Finally, plasma physics implies very different time scales. It is thus very important to develop implicit Maxwell solvers and Asymptotic Preserving (AP) schemes in order to obtain good behavior on long time scales.

3.9 Coupling

The coupling of the Maxwell equations to the Vlasov solver requires some precautions. The most important one is to control the charge conservation errors, which are related to the divergence conditions on the electric and magnetic fields. We will generally use divergence correction tools for hyperbolic systems presented for instance in 19 (and the references therein).

3.10 Implicit solvers

As already pointed out, in a tokamak, the plasma presents several different space and time scales. It is not possible in practice to solve the initial Vlasov-Maxwell model. It is first necessary to establish asymptotic models by letting some parameters (such as the Larmor frequency or the speed of light) tend to infinity. This is the case for the electromagnetic solver and this requires implementing implicit time solvers in order to efficiently capture the stationary state, the solution of the magnetic induction equation or the Poisson equation.

4 Application domains

4.1 Controlled fusion and ITER

The search for alternative energy sources is a major issue for the future. Among others, controlled thermonu-clear fusion in a hot hydrogen plasma is a promising possibility. The principle is to confine the plasma in a toroidal chamber, called a tokamak, and to attain the necessary temperatures to sustain nuclear fusion reactions.The International Thermonuclear Experimental Reactor (ITER) is a tokamak being constructed in Cadarache, France. This was the result of a joint decision by an international consortium including the European Union, Canada, USA, Japan, Russia, South Korea, India and China. ITER is a huge project. As of today, the budget is estimated at 20 billion euros. The first plasma shot is planned for 2025 and the first deuterium-tritium operation for 2027. Many technical and conceptual difficulties have to be overcome before the actual exploitation of fusion energy. Consequently, much research has been carried out around magnetically confined fusion. Among these studies, it is important to carry out computer simulations of the burning plasma. Thus, mathematicians and computer scientists are also needed in the design of ITER. The reliability and the precision of numerical simulations allow a better understanding of the physical phenomena and thus would lead to better designs. TONUS’s main involvement is in such research. The required temperatures to attain fusion are very high, of the order of a hundred million degrees. Thus it is imperative to prevent the plasma from touching the tokamak inner walls. This confinement is obtained thanks to intense magnetic fields. The magnetic field is created by poloidal coils, which generate the toroidal component of the field.

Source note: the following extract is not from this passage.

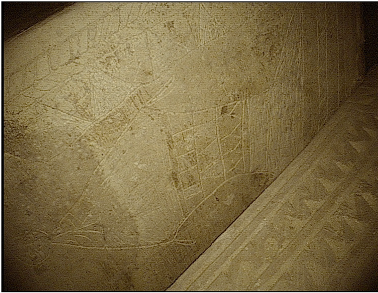
FIG. 1. Front left half of Ossuary #1 (unenhanced photograph, rotated).

upper case Greek script. The first three lines appear to read: 7

The toroidal plasma current also induces a poloidal component of the magnetic field that twists the magnetic field lines. The twisting is very important for the stability of the plasma. The idea goes back to research by Tamm and Sakharov, two Russian physicists, in the 50’s. Other devices are essential for the proper operation of the tokamak: a divertor for collecting the escaping particles, microwave heating for reaching higher temperatures, a fuel injector for sustaining the fusion reactions, toroidal coils for controlling instabilities, etc.

4.2 Other applications

The software and numerical methods that we develop can also be applied to other fields of physics or of engineering.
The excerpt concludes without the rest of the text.